4. Characteristic # 22 - What is a "clinically significant" drug interaction?

Clinically significant drug interactions are those interactions that are considered important from information contained in the drug's package insert, recent literature, or classified in many computer software programs.

5. Characteristic # 39 - What is a "standard format of receiving electronic prescriptions"?

A standard format in this question means that the pharmacist is able to read, dispense, and file the prescription directly from his/her computer terminal without having to perform additional "offline" manipulations (e.g., print the prescription and re-enter it into the pharmacy system database).

6. Characteristic # 43 - What is a "sig code"?

The "sig code" refers to the instructions that will be printed on the prescription label. For example a sig code for the pharmacist may be "QIDT" and the instruction will print "Take one tablet four times a day". When used, only one standard set of sig codes should be available for all pharmacists to use. These codes also should be reviewed with all staff for error potential, for example having a sig code of "QID" and "QOD" for "four times a day" and "every other day" respectively. These codes could be used in place of one another in error, especially since the "I" and "O" keys on computer keyboards are next to one another.
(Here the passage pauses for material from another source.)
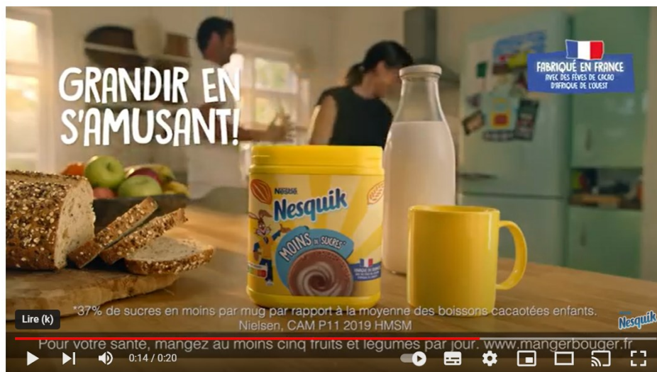
NESQUIK® Grandir en s'amusant ! TV spot 2021

7. Characteristic #44 - Define the type of feedback that is required to the community of physicians.

Various forms of feedback for prescriber education would include: periodic mailings to prescribers that describes unsafe prescription writing practices; presenting a lecture on medication safety at a local prescriber professional meeting; or meeting informally with prescibers to discuss safety issues in medication prescribing.

8. Characteristic #73 - What is considered a "targeted" high alert medication?
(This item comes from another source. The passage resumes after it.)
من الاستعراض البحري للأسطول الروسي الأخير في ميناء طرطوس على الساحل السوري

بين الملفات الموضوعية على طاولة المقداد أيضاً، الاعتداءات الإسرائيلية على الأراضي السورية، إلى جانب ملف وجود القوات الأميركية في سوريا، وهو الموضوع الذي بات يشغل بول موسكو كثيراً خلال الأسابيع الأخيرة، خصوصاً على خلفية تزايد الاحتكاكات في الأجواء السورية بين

Medications that may be considered "high alert" drugs are described on page 3 of the self-assessment. "Targeted" high alert medications may include all of these examples or drugs that may be dispensed in your pharmacy that have been associated with known or potential (near miss) medication errors. They also may include medications that you have learned, through review of journals or reports, that may cause serious errors. Aside from notifying all employees of concerns with these medications, physical constraints, such as those listed in this question should be employed.

9. Characteristic # 87 - What is considered "proper hand washing"?

Proper hand washing would be washing one's hands with soap or a mild detergent and water before and after handling any loose oral solid products. When answering this question you should consider the proximity of hand washing facilities to the area in which medications may be handled or prepared. If a sink is not in close proximity to the dispensing area, then an answer of A through D may be appropriate.

10. Characteristic # 146 - Who is considered a "targeted" high-risk population

High-risk populations would include: elderly patients who may be receiving numerous different prescription medications; diabetic patients who may need to adjust their dose of medication depending on their blood sugar results or current well being (e.g., infection, flu or cold); pediatric patients; and patients receiving chemotherapy or immunosuppressive medications. "Targeted" high-risk populations may include those listed above or others (e.g., juvenile diabetics, patients over 85 years of age receiving "normal" adult doses, patients recently released from an acute care hospital) that you have decided a pharmacist will speak with the patient or caregiver whenever a new or refill prescription is obtained.

11. What if a question doesn't apply to the services offered or activities in my pharmacy?

If a question doesn't apply to services or activities in your pharmacy, then an answer of E may be appropriate since your pharmacy would not be prone to errors in that circumstance.